In light of the 27% posterior probability, the clinician decides to order a serum parathyroid hormone concentration test with simultaneous measurement of serum calcium, even though this test is expensive. If the parathyroid hormone test had a sensitivity of 95% and a specificity of 98%, and the results turned out to be positive, the Bayes theorem could be used again to calculate the probability of parathyroid disease in this patient. This time, however, the *posterior* probability for the *first* test (27%) would be used as the *prior* probability for the *second* test. The result of the calculation, as shown in Box 8-3, is a new probability of 94%. The patient likely does have hyperparathyroidism, although lack of true, numerical certainty even at this stage is noteworthy.

Box 8-3 Use of Bayes Theorem or 2 × 2 Table to Determine Second Posterior Probability and Second Positive Predictive Value in Clinical Setting

# Part 1 Beginning Data (Before Performing the Second Test)

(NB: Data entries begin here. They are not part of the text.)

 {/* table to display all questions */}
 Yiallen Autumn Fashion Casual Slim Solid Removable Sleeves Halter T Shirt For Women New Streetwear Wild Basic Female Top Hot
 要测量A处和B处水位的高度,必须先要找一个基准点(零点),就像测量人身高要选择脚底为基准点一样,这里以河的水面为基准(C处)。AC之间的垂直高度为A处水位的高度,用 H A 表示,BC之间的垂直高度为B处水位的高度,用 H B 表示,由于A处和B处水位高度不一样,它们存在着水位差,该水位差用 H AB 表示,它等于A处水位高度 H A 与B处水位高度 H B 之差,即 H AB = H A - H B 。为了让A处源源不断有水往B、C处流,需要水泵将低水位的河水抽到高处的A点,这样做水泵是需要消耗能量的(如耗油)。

Sensitivity of second test | = 95% | = 0.95 |

Specificity of second test | = 98% | = 0.98 |

Prior probability of disease (see Box 8-2) | = 27% |
= 0.27 |

Why did the posterior probability increase so much the second time? One reason was that the *prior probability was considerably higher* in the second calculation than in the first (27% versus 2%), based on the first test yielding positive results. Another reason was that the *specificity of the second test was assumed to be quite high* (98%), which greatly reduced the false-positive error rate and increased the PPV. A highly specific test is useful for “ruling in” disease, which in essence is what has happened here.

## C Influence of the Sequence of Testing

With an increasing number of diagnostic tests available in clinical medicine, the clinician now needs to consider whether to do many tests simultaneously or to do them sequentially. As outlined in Chapter 7, tests used to “rule out” a diagnosis should have a high degree of sensitivity, whereas tests used to “rule in” a diagnosis should have a high degree of specificity (see Box 7-1). The *sequential approach* is best done as follows:

1. Starting with the most sensitive test.

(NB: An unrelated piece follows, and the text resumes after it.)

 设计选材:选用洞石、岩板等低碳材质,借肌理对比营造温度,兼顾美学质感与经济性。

2. Continuing with increasingly specific tests if the previous test yields positive results.

Compared with the simultaneous approach, the sequential approach to testing is more conservative and is more economical in the care of outpatients. The sequential approach may increase the length of stay for a hospitalized patient, however, so the cost implications may be unclear.

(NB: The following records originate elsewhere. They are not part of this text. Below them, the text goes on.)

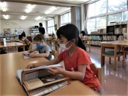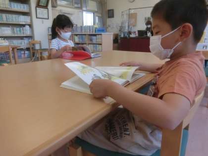 図書室で、本に親しむ1年生。図書室でのルールやマナーも学びました。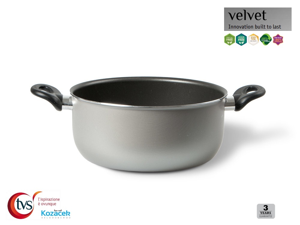 - nádobí z řady VELVET je vybaveno kvalitním vnitřním nepřilnavým dvouvrstvým povrchem IPERTEK z dílny italského výrobce TVS s.p.a.
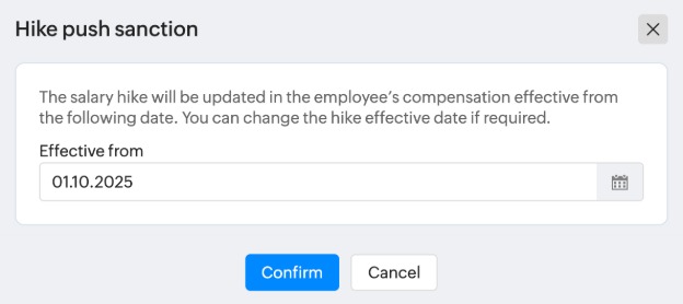 Select the required 'Effective from' date, the salary of the employee will be updated on Confirming, effective from the date selected here. Click Confirm to finalize.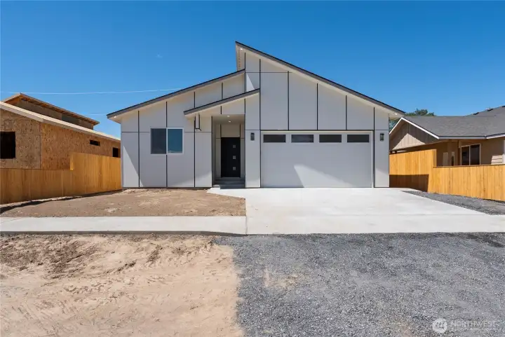 Modern 3 Bedroom 3 Bath New Construction Move-In Ready. Located in a growing neighborhood near the unique and historic “healing” waters of Soap Lake, this beautifully designed home offers nearly 1,500 sq. ft. of thoughtfully planned living space. The open-concept layout creates a seamless flow between the kitchen, dining, and living areas—ideal for everyday living and easy entertaining. The kitchen is both stylish and functional, featuring quartz countertops, durable tile and LVP flooring, matte black hardware, and sleek custom cabinetry that gives the space a clean, modern edge. Quality finishes and curated details carry throughout the home, creating a cohesive and elevated feel. The spacious primary suite offers a private retreat with heated bathroom floors, designer lighting, and a beautifully tiled tub/shower combination. Two additional bedrooms and a full bath provide flexibility for guests, a home office, or hobbies. Step outside to a fully fenced yard and covered patio—perfect for relaxing evenings, weekend BBQs, or enjoying the peaceful surroundings. With modern finishes, practical design, and close proximity to Soap Lake’s well-known mineral waters and small-town charm, this home is ready for its next chapter.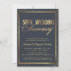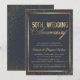 Convite moderno de aniversário de 50 anos de casamento em dourado e azul-marinho.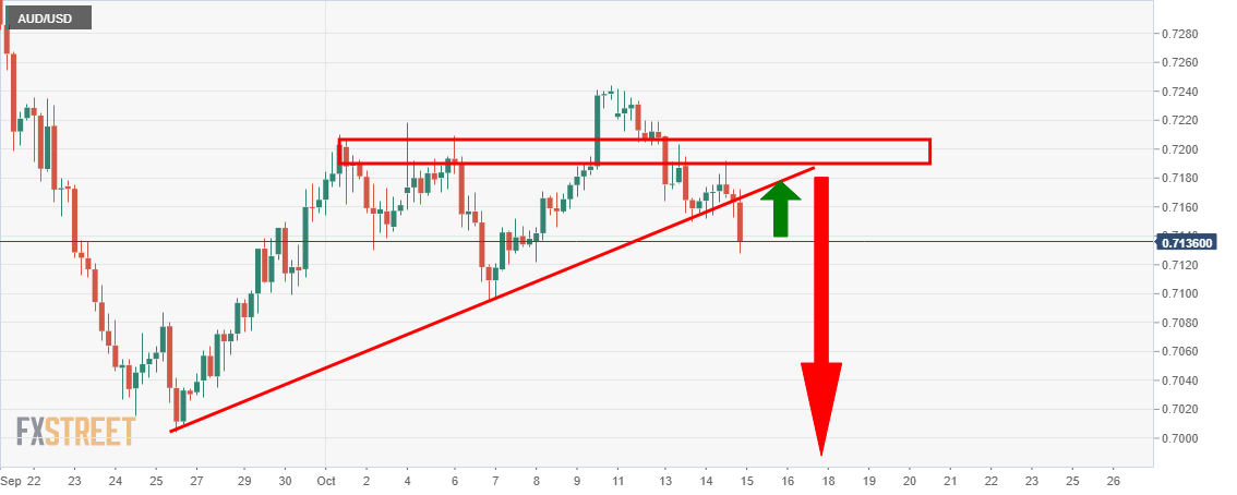 受这一消息影响,澳元/美元迅速下跌,幅度高达0.57%。空头正在突破关键趋势线支撑。如果长期时间框架与看跌行情同步,这将是熊市的方向。不过,空头将迫切希望看到价格在10月初低点上方横盘整理,并开始提供折价做空或重新测试反向趋势线和阻力位的机会。

The sequence of testing may have implications for the overall accuracy. If multiple diagnostic tests are performed at the same time, the natural tendency is to ignore the negative results, while seriously considering the positive results. This approach to establishing a diagnosis may not be ideal, however. Even if the tests are performed simultaneously, it is probably best to consider first the results of the most sensitive test. If a negative result is reported for that test, the result is probably a true-negative one (the patient probably does not have the disease). Why? Highly sensitive tests are reliably positive when disease is present and tend to deliver negative results only when disease is truly absent. Simultaneous testing may produce conflicting results, but a careful consideration of each test’s result in light of the test’s sensitivity and specificity should improve the chances of making the correct diagnosis.